Dive Brief:
- Cybersecurity experts are on high alert as the deadline set by Clop, the prolific ransomware actor responsible for widespread exploitation of zero-day vulnerabilities in Progress Software’s MOVEit file-transfer service, expires Wednesday.
- Clop, which is responsible for two of three high-profile file transfer service supply chain attacks this year, claims it stole data from hundreds of organizations, including British Airways and the BBC, and set a deadline for victims to make contact.
- Multiple organizations have disclosed they were compromised as a result of the attacks, but threat analysts expect many additional victims to come forward. More than 3,000 MOVEit hosts were exposed to the internet before the first vulnerability was disclosed or patched, according to Censys.
Dive Insight:
Risk analysis firm Kroll is pushing the timeline for the vulnerability back years, with its assertion Clop knew about and was experimenting with ways to exploit one of the vulnerabilities in MOVEit as early as July 2021.
Clop also exploited the vulnerability in MOVEit and stole data before Progress released a patch, effectively making every customer with a database publicly exposed to the internet vulnerable and potentially compromised.
Among the organizations with MOVEit hosts publicly exposed to the internet, 31% are in the financial sector, 16% in healthcare, 9% in IT, and 8% in government and military, according to Censys research released Tuesday.
Nearly one-third of companies Censys observed have more than 10,000 employees and more than two-thirds of all MOVEit hosts are based in the U.S.
Some of the latest victims to come forward include the states of Illinois and Missouri, Minnesota’s Department of Education, the U.K.’s communications regulatory agency Ofcom and Extreme Networks.

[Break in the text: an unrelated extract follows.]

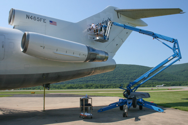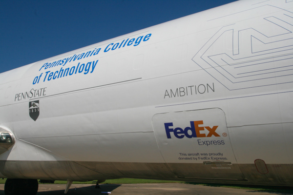 An impressive undertaking, befitting one of the largest donations in the institution's history, is nearing completion at the Lumley Aviation Center in Montoursville. As storm clouds gave way to resumption of the work this past week, patient artisans continued to wrap a donated Boeing 727 jet in a snug-fitting vinyl shroud. The plane's nose-to-tail makeover, as much protective as it is decorative, emblematically replicates the transformational benefit of a Penn College degree.

Mandiant Consulting CTO Charles Carmakal cautioned that Clop will likely get more overwhelmed and erratic as its deadline approaches. The threat actor began initiating contact with some victim organizations on Friday, Carmakal said in a LinkedIn post.
“We haven’t observed any lateral movement on any of the MOVEit systems we’ve analyzed so far,” Carmakal said.
Progress estimates MOVEit Transfer and MOVEit Cloud accounted for less than 4% of its annual revenue, according to an 8-K filed with the SEC on May 30.
The vendor continues to encourage on-premises customers of MOVEit to apply the patches immediately.
The Cybersecurity and Infrastructure Security Agency, CrowdStrike, Mandiant, Microsoft, Huntress and Rapid7 are all assisting Progress with incident response and ongoing investigations.
“In an effort to increase the security of the MOVEit platform and its customers, we are partnering with third-party cybersecurity experts to conduct additional detailed code reviews,” Progress said in a Tuesday blog post.